== Material shown ==
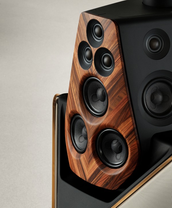 Monarch-udgaven er et sandt udstillingsvindue for den klassiske danske designarv. Den er bygget op med vinklede og buede lameller i rosentræ, der omfavner aluminiumskabinettet og skaber en 360-graders visuel rytme. Samlingerne i træet har endda en ret unik, diskret lysdetalje i fronten. Kontrasten mellem det varme træ og de okkerfarvede aluminiumskroner i toppen giver højttaleren et meget balanceret look, alt imens semitransparente tekstilfelter lader dig ane de vilde højttalerenheder inde bagved.
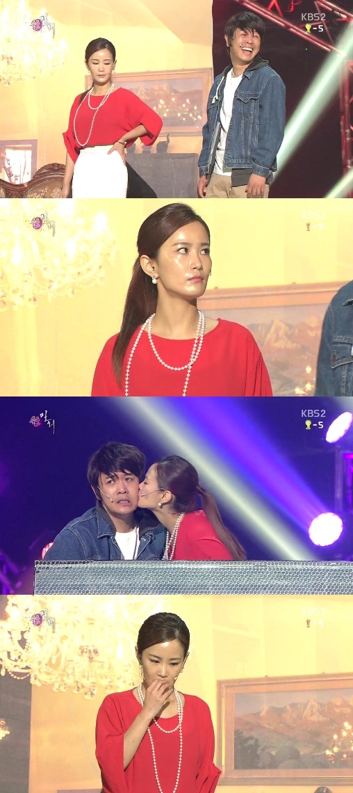 김지민은 8일 오후 방송된 KBS 2TV 예능프로그램 '개그콘서트'의 코너 ‘쉰 밀회’에서 지각한 김대희에게 “버스타면 10분이면 오잖아”라며 나무라는 모습이 그려졌다.
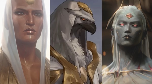 从故事中我们了解到,亚恒拥有三重交织的身份:他曾是周身金光、受万人敬仰的天神战士,心怀对同胞与世界的深爱,并引领众多恕瑞玛人走上飞升之路;在暗裔战争期间,他为了阻止堕落的同族统治世界,被迫与曾经的战友厮杀,直至将他们封入各自的武器之中;而即便自己也濒临堕落,他依然坚守“守护世界”的誓言——方式却是选择自我囚禁。
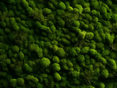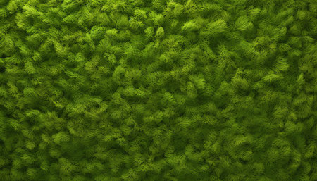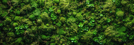 Detailed close-up of lush green moss and foliage, creating a dense and vibrant natural texture. Ideal for backgrounds, nature themes, and botanical designs.
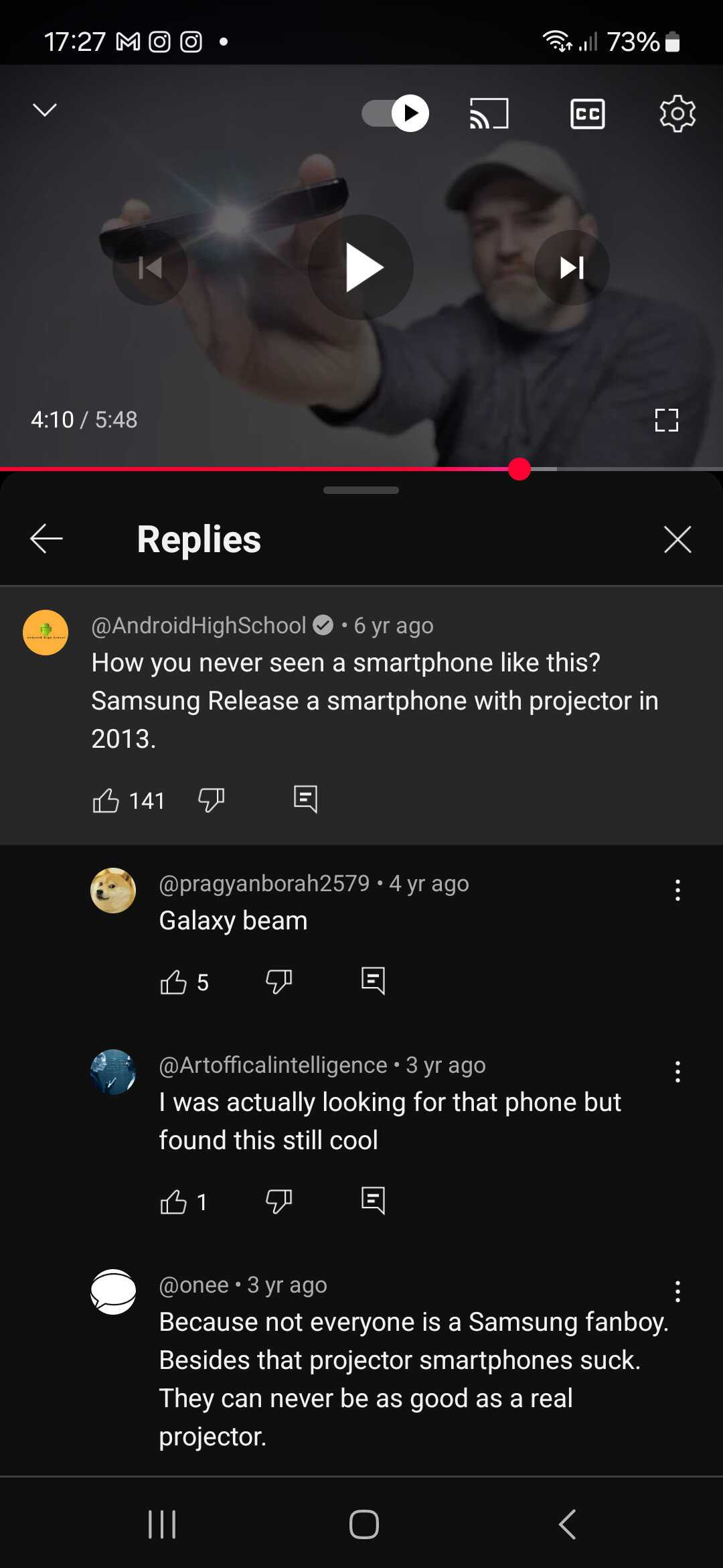 Pelo que reparei nos comentários desse vídeo parece que a Samsung já lançou um smartphone com projector, e eu não sabia.
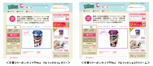 第一弾のキャンペーンとして、ピク メディア株式会社(本社:東京都渋谷区、代表取締役:森デイブ)が運営する日替りクーポンサイト「Piku」と連携し、「Piku」の会員向けにファミリーマートでグリコ ドロリッチと交換できる引換クーポン(2種)を先着各5,000名、合計10,000名にプレゼントするキャンペーンを実施します。当選対象のお客様は、「Piku」が発行した引換クーポン発行用のシリアル番号をファミリーマート店頭のFamiポートに入力して、発行されたクーポンと商品をレジに持ち込むことで、商品を入手することができます。
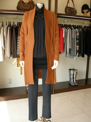 ロングニットカーデェガンは、スレンダーに細みのシルエットで全身をまとめて・・。ボーツもいいですがパンプスをお勧めします!スタイリッシュ度100%
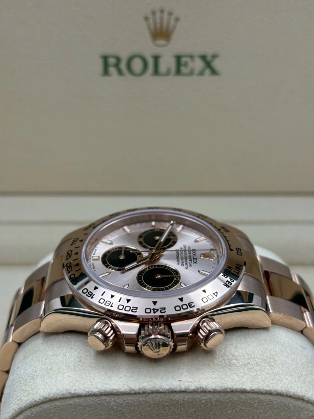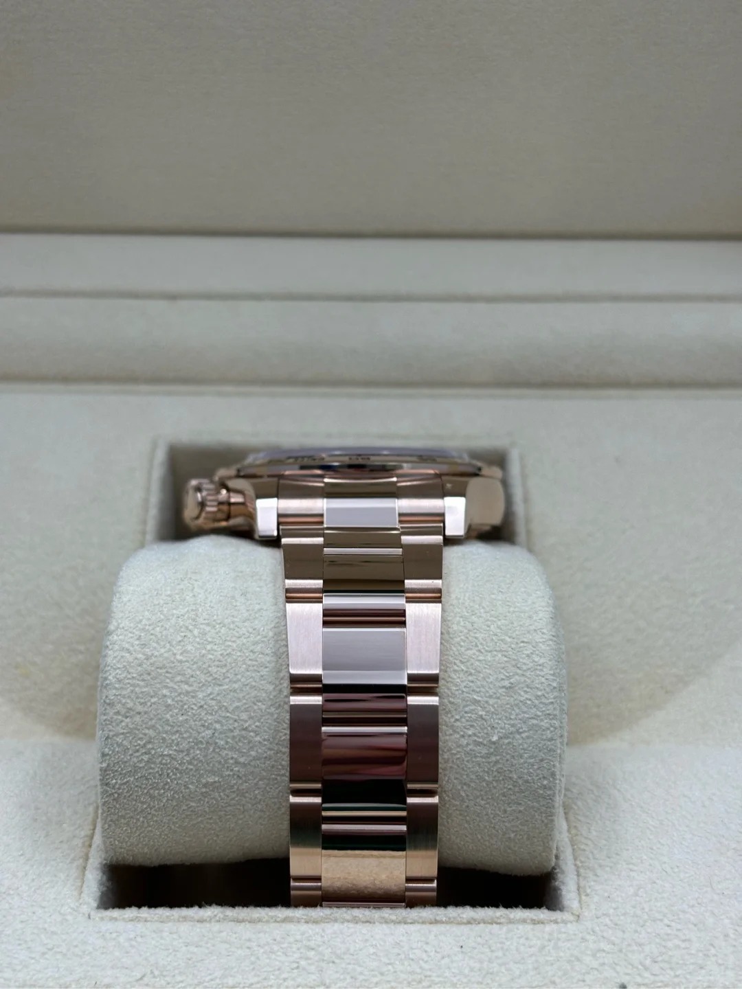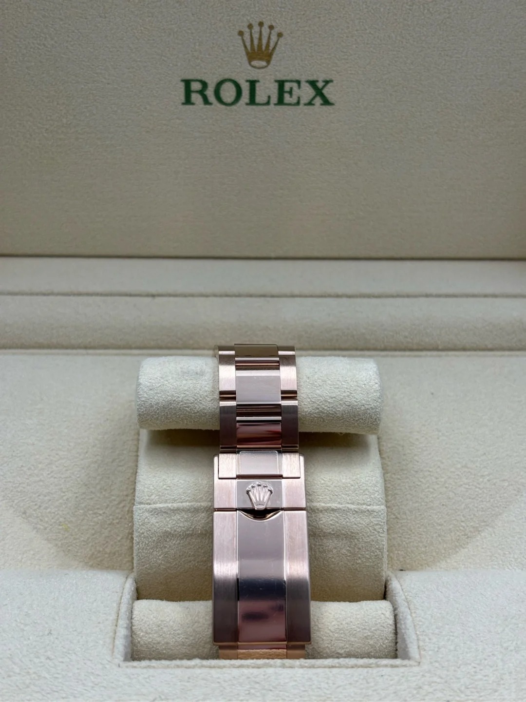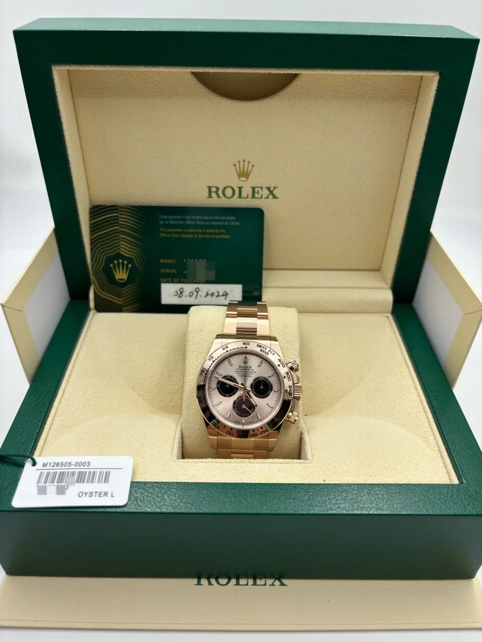 The Oyster Perpetual Cosmograph Daytona in 18 ct Everose gold features a sunrise gold and gloss black dial and an Oyster bracelet, with an engraved tachymeter on an 18-carat Everose gold bezel. -m126505-0003 40mm
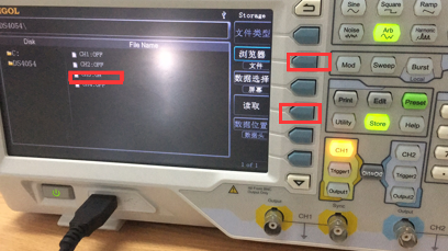 9.将浏览器目录设置为DIR并使用滚轮导航到DS1000Z。示波器上的活动通道应在文件名中显示为ON
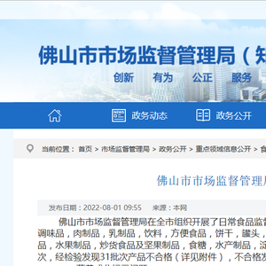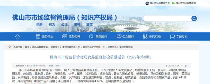 中国质量新闻网讯 8月1日,广东省佛山市市场监督管理局网站发布食品监督抽检质量通告(2022年第8期)。
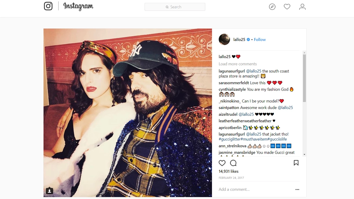 Ce posteaza: Oh, greu de descris! Un mix absolut genial de fotografii de atmosfera, cu decoruri somptuoase si baroce (de altfel surse de inspiratie pentru colectiile Gucci), arta renascentista, imagini in care apare inconjurat de fashion-people si, bineinteles, poze incredibil de simpatice cu catelul sau.
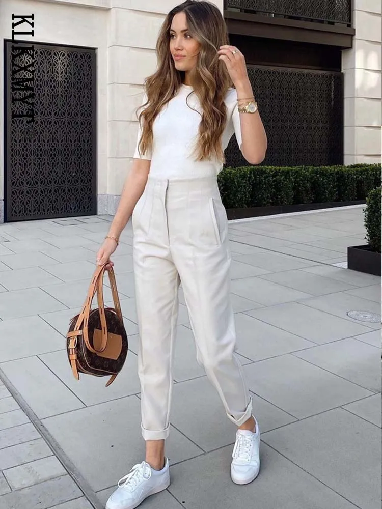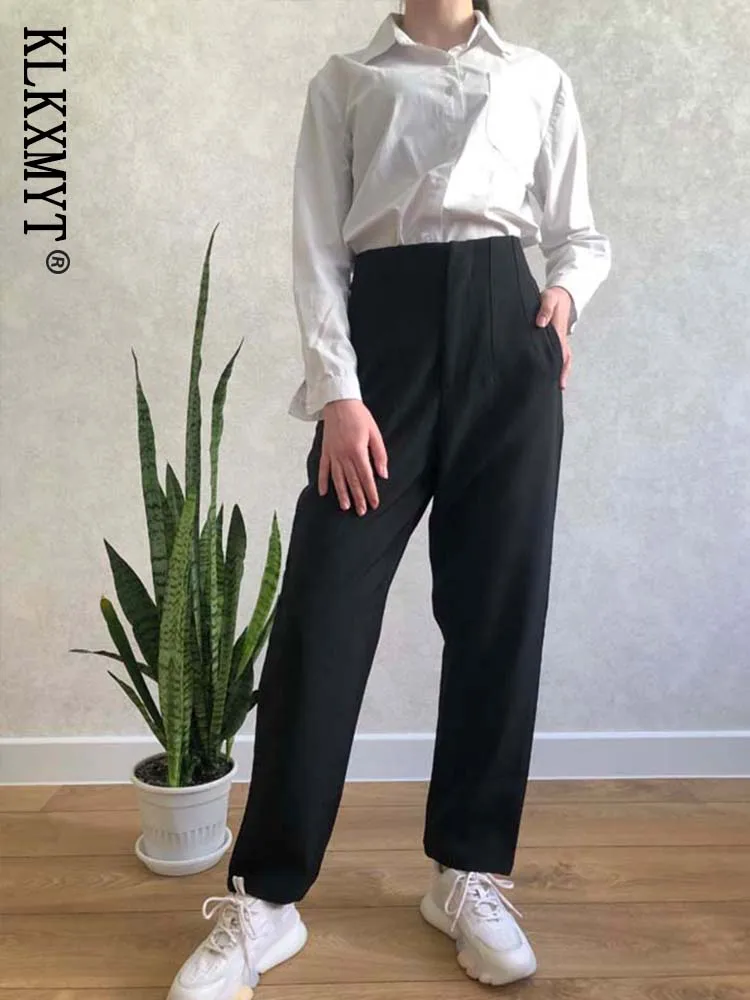 Klkxmyt Woman Pants 2025 Chic Fashion Office Wear Pants For Women Vintage High Waist Zipper Fly Female Ankle Trousers Mujer
===
**Requirement**. Your task is to reproduce exactly the lines from the start of the data above through the line containing "ロングニットカーデェガンは、", leaving every picture out.

**Task output**.
 Monarch-udgaven er et sandt udstillingsvindue for den klassiske danske designarv. Den er bygget op med vinklede og buede lameller i rosentræ, der omfavner aluminiumskabinettet og skaber en 360-graders visuel rytme. Samlingerne i træet har endda en ret unik, diskret lysdetalje i fronten. Kontrasten mellem det varme træ og de okkerfarvede aluminiumskroner i toppen giver højttaleren et meget balanceret look, alt imens semitransparente tekstilfelter lader dig ane de vilde højttalerenheder inde bagved.
 김지민은 8일 오후 방송된 KBS 2TV 예능프로그램 '개그콘서트'의 코너 ‘쉰 밀회’에서 지각한 김대희에게 “버스타면 10분이면 오잖아”라며 나무라는 모습이 그려졌다.
 从故事中我们了解到,亚恒拥有三重交织的身份:他曾是周身金光、受万人敬仰的天神战士,心怀对同胞与世界的深爱,并引领众多恕瑞玛人走上飞升之路;在暗裔战争期间,他为了阻止堕落的同族统治世界,被迫与曾经的战友厮杀,直至将他们封入各自的武器之中;而即便自己也濒临堕落,他依然坚守“守护世界”的誓言——方式却是选择自我囚禁。
 Detailed close-up of lush green moss and foliage, creating a dense and vibrant natural texture. Ideal for backgrounds, nature themes, and botanical designs.
 Pelo que reparei nos comentários desse vídeo parece que a Samsung já lançou um smartphone com projector, e eu não sabia.
 第一弾のキャンペーンとして、ピク メディア株式会社(本社:東京都渋谷区、代表取締役:森デイブ)が運営する日替りクーポンサイト「Piku」と連携し、「Piku」の会員向けにファミリーマートでグリコ ドロリッチと交換できる引換クーポン(2種)を先着各5,000名、合計10,000名にプレゼントするキャンペーンを実施します。当選対象のお客様は、「Piku」が発行した引換クーポン発行用のシリアル番号をファミリーマート店頭のFamiポートに入力して、発行されたクーポンと商品をレジに持ち込むことで、商品を入手することができます。
 ロングニットカーデェガンは、スレンダーに細みのシルエットで全身をまとめて・・。ボーツもいいですがパンプスをお勧めします!スタイリッシュ度100%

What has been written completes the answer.